▶ [Exercise details]
When you reach a picture, skip it, and retype every line below exactly.

(Collection entries)
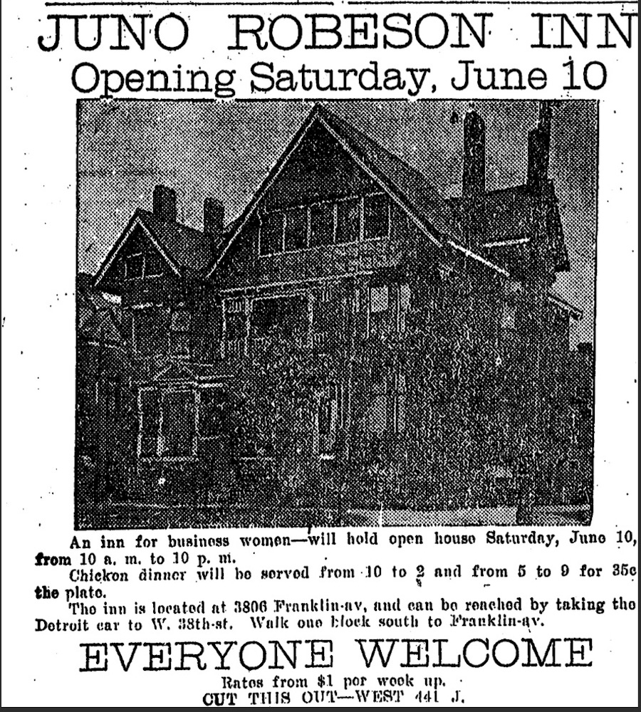In 1911, Juno Robeson, a social worker who had moved to Cleveland from Paducah, Kentucky, opened her Inn for Business Women in the Sarah Bousfield House. Having purchased the property in the summer of 1910, Robeson may have made alterations to the interior of the house in 1910-1911 to allow access between the two sides of the former two-family house. In any event, according to Cleveland directories and newspaper advertisements, the house appears to have had a single address and was no longer treated as a two-family house by 1915. | Source: Cleveland Public Library, Digital Newspaper CollectionDownload Original File
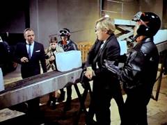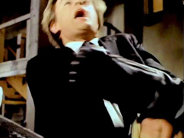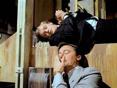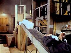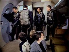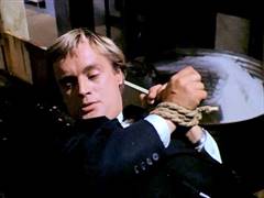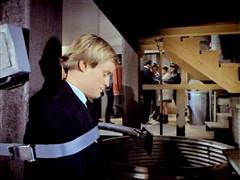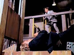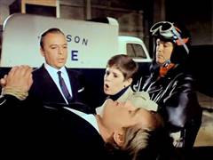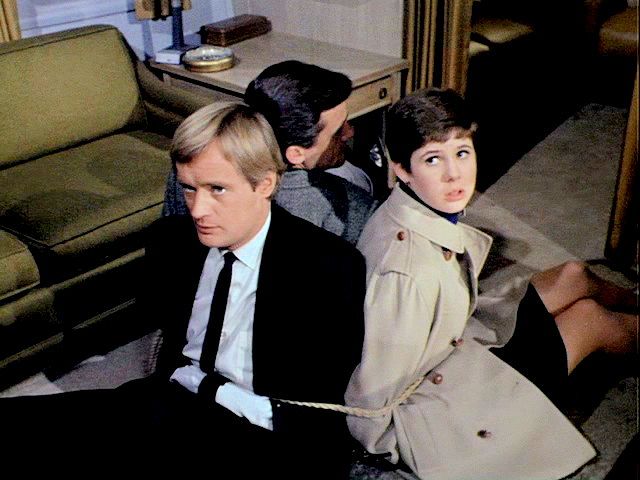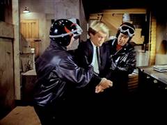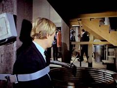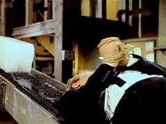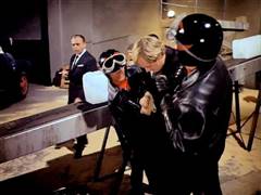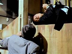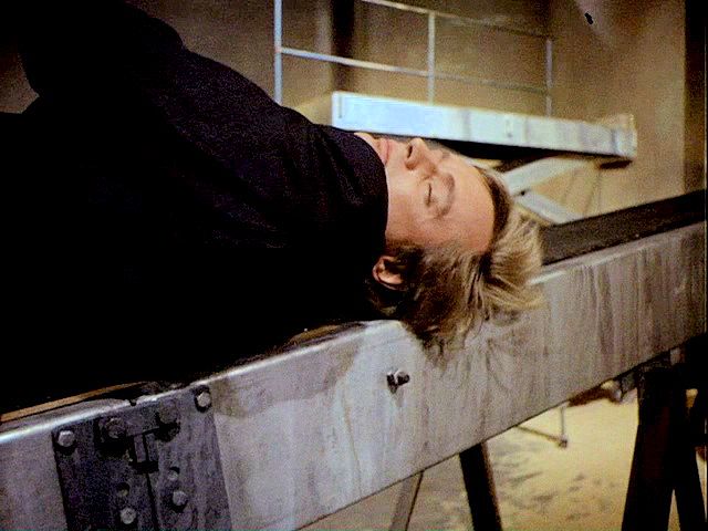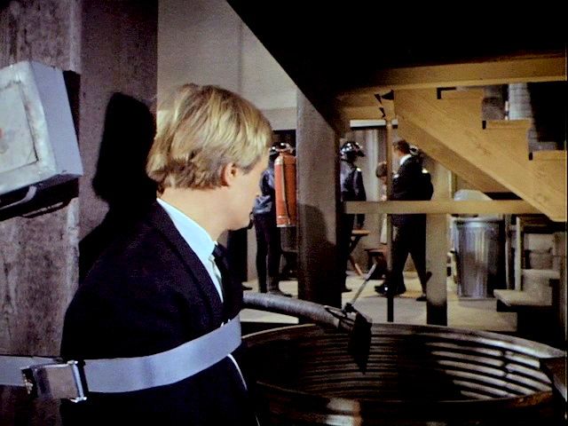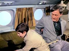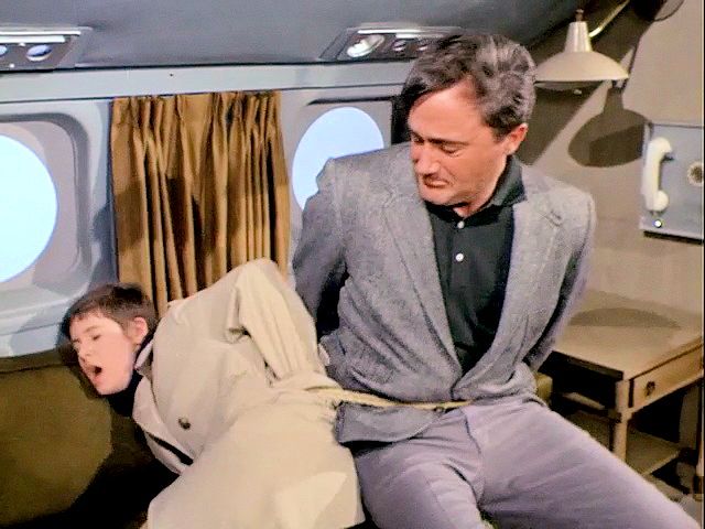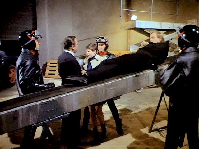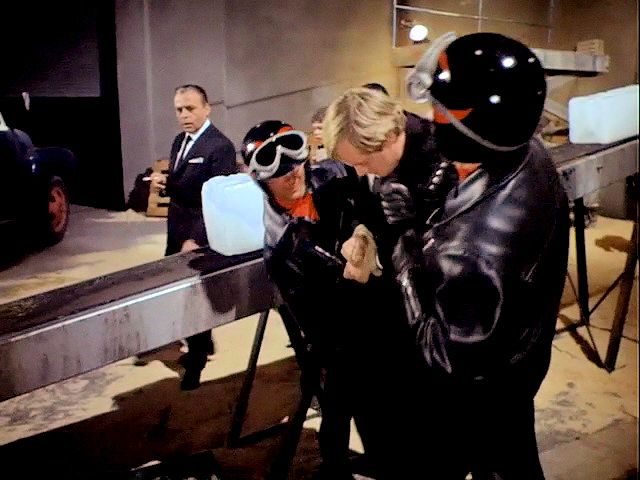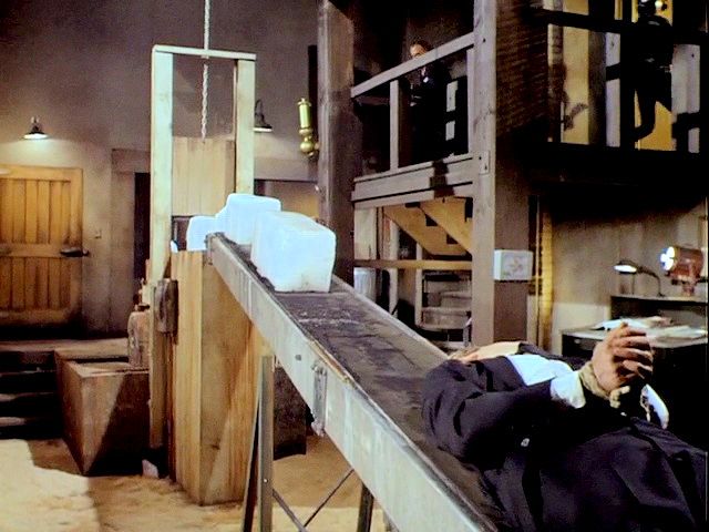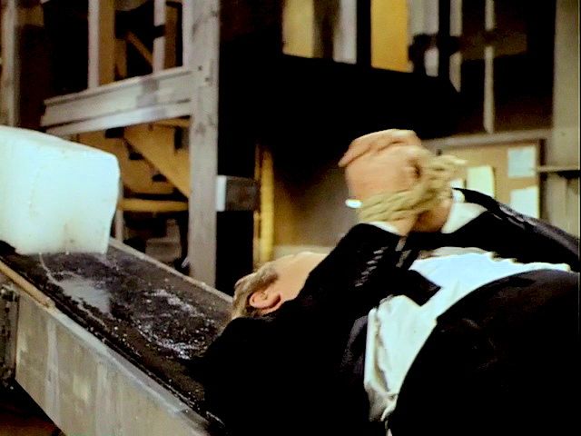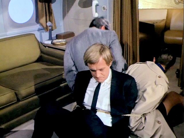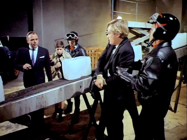 Illya and Solo are tied up on a plane that's about to crash. Later, Illya is about to be chopped up at an ice processing plant but is rescued by Solo.
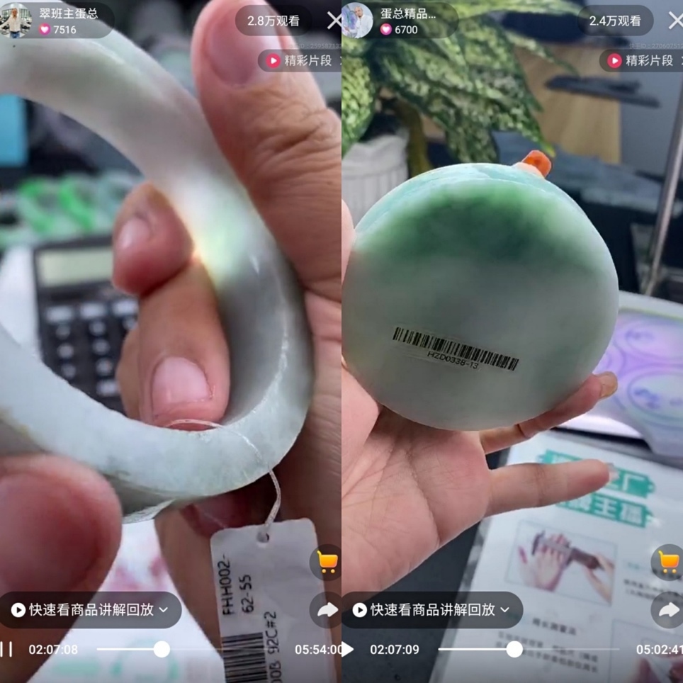 而在货品质量方面,蛋总也加了双重保险。除去产业带源头货品的保障,为了帮助粉丝规避翡翠购买的部分风险,蛋总还会要求主播在直播间展示货品在不同灯光下的色彩,以确保粉丝都能明明白白消费,减少翻车的几率,买到满意的翡翠。
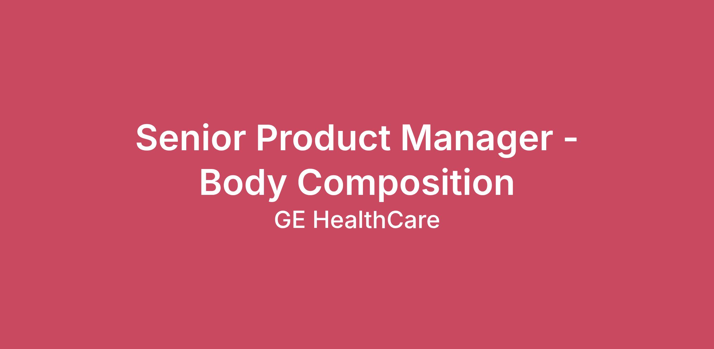 Job Description SummaryThe Senior Product Manager - Body Composition, is responsible for shaping the strategic direction, growth, and market leadership of our global Body Composition portfolio. This role focuses on advancing solutions that deliver meaningful body composition insights across clinical, health & wellness, and longevity markets—empowering providers, coaches, and consumers to drive better health outcomes throughout their wellness journey. You will translate customer needs into product strategy, identify emerging market opportunities, and lead cross-functional teams to deliver innovative solutions that accelerate adoption and business growth. This role requires a blend of strategic thinking, customer empathy, and execution excellence to ensure our solutions deliver measurable value and maintain market leadership.Job DescriptionEssential ResponsibilitiesProduct Strategy and VisionDefine the long-term vision and strategic roadmap for the Body Composition portfolio, including hardware, software, digital analytics, and service offerings.Develop a deep understanding of customer needs across clinical, wellness, and longevity segments to guide product direction and prioritization.Identify and evaluate new market opportunities—including metabolic health, obesity management, preventive care, sports performance, and wellness coaching—to drive portfolio expansion and revenue growth.Lead market segmentation, competitive analysis, and opportunity sizing to inform strategic decisions.Partner with regional commercial leaders to build and execute market development strategies that accelerate adoption in emerging and non-traditional markets.Shape the value proposition and messaging for body composition insights, emphasizing improved outcomes, personalized health journeys, and data-driven decision-making.Customer Insights & Market DevelopmentBuild strong relationships with clinicians, wellness operators, longevity centers, researchers, and key opinion leaders to gather insights and validate product concepts.Conduct customer discovery, ethnographic research, and voice-of-customer programs to uncover unmet needs and emerging trends.Develop strategies to expand body composition adoption in health & wellness, concierge medicine, corporate wellness, fitness, and digital health ecosystems.Support the creation of clinical and economic evidence demonstrating the value of body composition insights for improving patient outcomes and wellness engagement.Product DevelopmentTranslate customer insights into clear product requirements, user stories, and specifications for engineering and design teams.Lead cross-functional collaboration with engineering, clinical, regulatory, quality, manufacturing, and service teams to deliver high-quality solutions.Ensure product designs meet regulatory requirements and align with global market needs.Partner with marketing to develop positioning, messaging, sales enablement tools, and launch plans for new products and features.Product Lifecycle ManagementManage the full lifecycle of the Body Composition portfolio, including new product introductions, enhancements, and end-of-life strategies.Optimize product configurations, pricing, and packaging to maximize profitability and customer value.Business Growth & Strategic PartnershipsIdentify and evaluate partnership opportunities with digital health platforms, wellness ecosystems, AI analytics companies, and complementary technology providers.Build and maintain strategic collaborations that enhance the value of our body composition insights and expand market reach.Support commercial teams with strategic guidance, training, and tools to accelerate adoption and revenue growth.Performance MetricsDefine and track KPIs related to product adoption, customer engagement, market penetration, and financial performance.Monitor competitive dynamics and adjust strategy to maintain a market leadership position.Qualifications/RequirementsBachelor’s Degree in Marketing, Engineering, Business Administration, Life Sciences, or related field.Minimum of 10 years of experience in product management, product marketing, medical devices, digital health, wellness technology, or related fields.Experience working in regulated healthcare environments or adjacent wellness/fitness markets.Team oriented with proven ability to work well with global and cross-functional teamsStrong communication and interpersonal skills, with the ability to collaborate across technical and non-technical stakeholders.Excellent project management and organizational skills.Must be legally authorized to work in the United States full-time.Desired CharacteristicsMBA or Master’s degree in Marketing, Business Administration, or related field.Experience in body composition, metabolic health, digital health, or wellness technology.Strong understanding of body composition measurement technologies.Customer-facing experience in sales, clinical applications, marketing, or product commercialization.Ability to thrive in a fast-paced, evolving market with both clinical and consumer-facing dynamics.#LI-LRG1#LI-Onsite#LI-Hybrid#LI-RemoteWe will not sponsor individuals for employment visas, now or in the future, for this job opening. For U.S. based positions only, the pay range for this position is $149,600.00-$224,400.00 Annual. It is not typical for an individual to be hired at or near the top of the pay range and compensation decisions are dependent on the facts and circumstances of each case. The specific compensation offered to a candidate may be influenced by a variety of factors including skills, qualifications, experience and location. In addition, this position may also be eligible to earn performance based incentive compensation, which may include cash bonus(es) and/or long term incentives (LTI). GE HealthCare offers a competitive benefits package, including not but limited to medical, dental, vision, paid time off, a 401(k) plan with employee and company contribution opportun
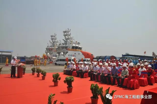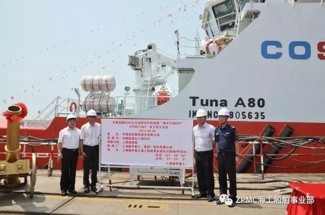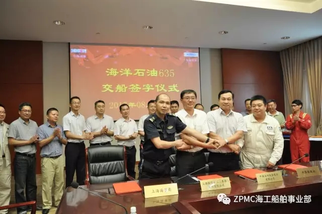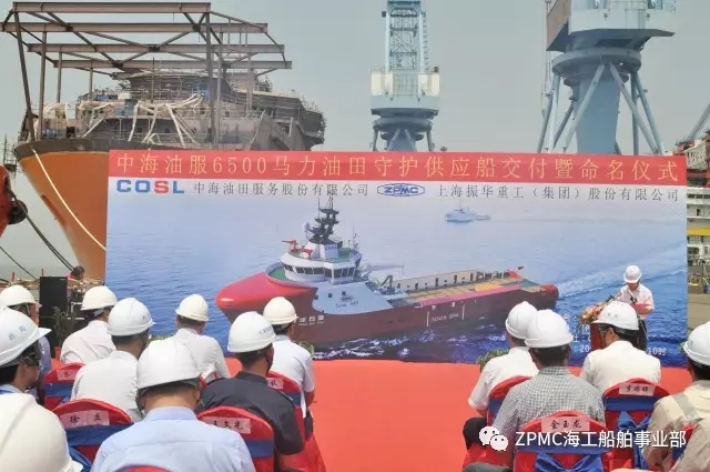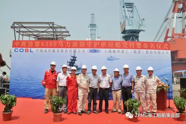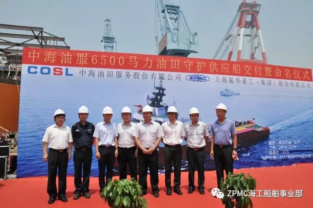 2017年8月4日,上午10時(shí)18分,中海油服6500馬力油田守護(hù)供應(yīng)船6號(hào)船--“海洋石油635”交付儀式在長(zhǎng)興基地隆重舉行,上海海事局、中海油服公司、中國(guó)船級(jí)社、SDARI設(shè)計(jì)院和振華重工代表共同見(jiàn)證了這一偉大時(shí)刻。
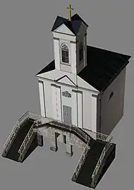 Under the chapel was the family tomb of Rholl, which was robbed during World War II. On a wall inside this chapel, this legend in Hungarian is well preserved:
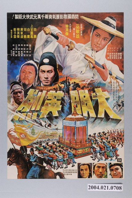 1.香港與臺灣合製片《大明英烈》上映時的中文彩色海報,直式印刷。畫面主要呈現上官靈鳳飾演的白衣劍士,抽刀亮劍的半身畫像,海報下大隊人馬拱著迎親花轎向前行,有名白男子持劍飛向轎子的場景。搭配「問鼎國際影展耗資兩千萬元武俠大鉅製!」、「金獎大導演:巫敏雄 精心傑作」、「武術指導:韓英傑」、「台港一流天王巨星通力攜手合作演出 揚威國際震撼影壇大製作」等文案字樣。海報有四折折痕。2.《大明英烈》(Heroes in the Late Ming Dynasty)是1975年香港與臺灣合製的古裝武俠電影,由大慶電影事業有限公司出品,臺北達昌影業有限公司、香港富利華娛樂影業公司發行,巫敏雄執導,紀青編劇,田鵬、上官靈鳳、白鷹主演的劇情片。
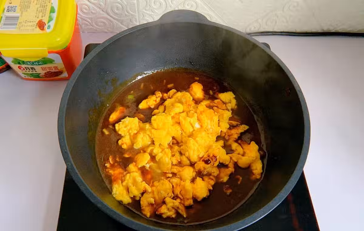 7.倒入炒好的雞蛋,翻炒均勻,使雞蛋都裹上醬汁。

▶ [Your solution]
In 1911, Juno Robeson, a social worker who had moved to Cleveland from Paducah, Kentucky, opened her Inn for Business Women in the Sarah Bousfield House. Having purchased the property in the summer of 1910, Robeson may have made alterations to the interior of the house in 1910-1911 to allow access between the two sides of the former two-family house. In any event, according to Cleveland directories and newspaper advertisements, the house appears to have had a single address and was no longer treated as a two-family house by 1915. | Source: Cleveland Public Library, Digital Newspaper CollectionDownload Original File
 Illya and Solo are tied up on a plane that's about to crash. Later, Illya is about to be chopped up at an ice processing plant but is rescued by Solo.
 而在货品质量方面,蛋总也加了双重保险。除去产业带源头货品的保障,为了帮助粉丝规避翡翠购买的部分风险,蛋总还会要求主播在直播间展示货品在不同灯光下的色彩,以确保粉丝都能明明白白消费,减少翻车的几率,买到满意的翡翠。
 Job Description SummaryThe Senior Product Manager - Body Composition, is responsible for shaping the strategic direction, growth, and market leadership of our global Body Composition portfolio. This role focuses on advancing solutions that deliver meaningful body composition insights across clinical, health & wellness, and longevity markets—empowering providers, coaches, and consumers to drive better health outcomes throughout their wellness journey. You will translate customer needs into product strategy, identify emerging market opportunities, and lead cross-functional teams to deliver innovative solutions that accelerate adoption and business growth. This role requires a blend of strategic thinking, customer empathy, and execution excellence to ensure our solutions deliver measurable value and maintain market leadership.Job DescriptionEssential ResponsibilitiesProduct Strategy and VisionDefine the long-term vision and strategic roadmap for the Body Composition portfolio, including hardware, software, digital analytics, and service offerings.Develop a deep understanding of customer needs across clinical, wellness, and longevity segments to guide product direction and prioritization.Identify and evaluate new market opportunities—including metabolic health, obesity management, preventive care, sports performance, and wellness coaching—to drive portfolio expansion and revenue growth.Lead market segmentation, competitive analysis, and opportunity sizing to inform strategic decisions.Partner with regional commercial leaders to build and execute market development strategies that accelerate adoption in emerging and non-traditional markets.Shape the value proposition and messaging for body composition insights, emphasizing improved outcomes, personalized health journeys, and data-driven decision-making.Customer Insights & Market DevelopmentBuild strong relationships with clinicians, wellness operators, longevity centers, researchers, and key opinion leaders to gather insights and validate product concepts.Conduct customer discovery, ethnographic research, and voice-of-customer programs to uncover unmet needs and emerging trends.Develop strategies to expand body composition adoption in health & wellness, concierge medicine, corporate wellness, fitness, and digital health ecosystems.Support the creation of clinical and economic evidence demonstrating the value of body composition insights for improving patient outcomes and wellness engagement.Product DevelopmentTranslate customer insights into clear product requirements, user stories, and specifications for engineering and design teams.Lead cross-functional collaboration with engineering, clinical, regulatory, quality, manufacturing, and service teams to deliver high-quality solutions.Ensure product designs meet regulatory requirements and align with global market needs.Partner with marketing to develop positioning, messaging, sales enablement tools, and launch plans for new products and features.Product Lifecycle ManagementManage the full lifecycle of the Body Composition portfolio, including new product introductions, enhancements, and end-of-life strategies.Optimize product configurations, pricing, and packaging to maximize profitability and customer value.Business Growth & Strategic PartnershipsIdentify and evaluate partnership opportunities with digital health platforms, wellness ecosystems, AI analytics companies, and complementary technology providers.Build and maintain strategic collaborations that enhance the value of our body composition insights and expand market reach.Support commercial teams with strategic guidance, training, and tools to accelerate adoption and revenue growth.Performance MetricsDefine and track KPIs related to product adoption, customer engagement, market penetration, and financial performance.Monitor competitive dynamics and adjust strategy to maintain a market leadership position.Qualifications/RequirementsBachelor’s Degree in Marketing, Engineering, Business Administration, Life Sciences, or related field.Minimum of 10 years of experience in product management, product marketing, medical devices, digital health, wellness technology, or related fields.Experience working in regulated healthcare environments or adjacent wellness/fitness markets.Team oriented with proven ability to work well with global and cross-functional teamsStrong communication and interpersonal skills, with the ability to collaborate across technical and non-technical stakeholders.Excellent project management and organizational skills.Must be legally authorized to work in the United States full-time.Desired CharacteristicsMBA or Master’s degree in Marketing, Business Administration, or related field.Experience in body composition, metabolic health, digital health, or wellness technology.Strong understanding of body composition measurement technologies.Customer-facing experience in sales, clinical applications, marketing, or product commercialization.Ability to thrive in a fast-paced, evolving market with both clinical and consumer-facing dynamics.#LI-LRG1#LI-Onsite#LI-Hybrid#LI-RemoteWe will not sponsor individuals for employment visas, now or in the future, for this job opening. For U.S. based positions only, the pay range for this position is $149,600.00-$224,400.00 Annual. It is not typical for an individual to be hired at or near the top of the pay range and compensation decisions are dependent on the facts and circumstances of each case. The specific compensation offered to a candidate may be influenced by a variety of factors including skills, qualifications, experience and location. In addition, this position may also be eligible to earn performance based incentive compensation, which may include cash bonus(es) and/or long term incentives (LTI). GE HealthCare offers a competitive benefits package, including not but limited to medical, dental, vision, paid time off, a 401(k) plan with employee and company contribution opportun
 2017年8月4日,上午10時(shí)18分,中海油服6500馬力油田守護(hù)供應(yīng)船6號(hào)船--“海洋石油635”交付儀式在長(zhǎng)興基地隆重舉行,上海海事局、中海油服公司、中國(guó)船級(jí)社、SDARI設(shè)計(jì)院和振華重工代表共同見(jiàn)證了這一偉大時(shí)刻。
 Under the chapel was the family tomb of Rholl, which was robbed during World War II. On a wall inside this chapel, this legend in Hungarian is well preserved:
 1.香港與臺灣合製片《大明英烈》上映時的中文彩色海報,直式印刷。畫面主要呈現上官靈鳳飾演的白衣劍士,抽刀亮劍的半身畫像,海報下大隊人馬拱著迎親花轎向前行,有名白男子持劍飛向轎子的場景。搭配「問鼎國際影展耗資兩千萬元武俠大鉅製!」、「金獎大導演:巫敏雄 精心傑作」、「武術指導:韓英傑」、「台港一流天王巨星通力攜手合作演出 揚威國際震撼影壇大製作」等文案字樣。海報有四折折痕。2.《大明英烈》(Heroes in the Late Ming Dynasty)是1975年香港與臺灣合製的古裝武俠電影,由大慶電影事業有限公司出品,臺北達昌影業有限公司、香港富利華娛樂影業公司發行,巫敏雄執導,紀青編劇,田鵬、上官靈鳳、白鷹主演的劇情片。
 7.倒入炒好的雞蛋,翻炒均勻,使雞蛋都裹上醬汁。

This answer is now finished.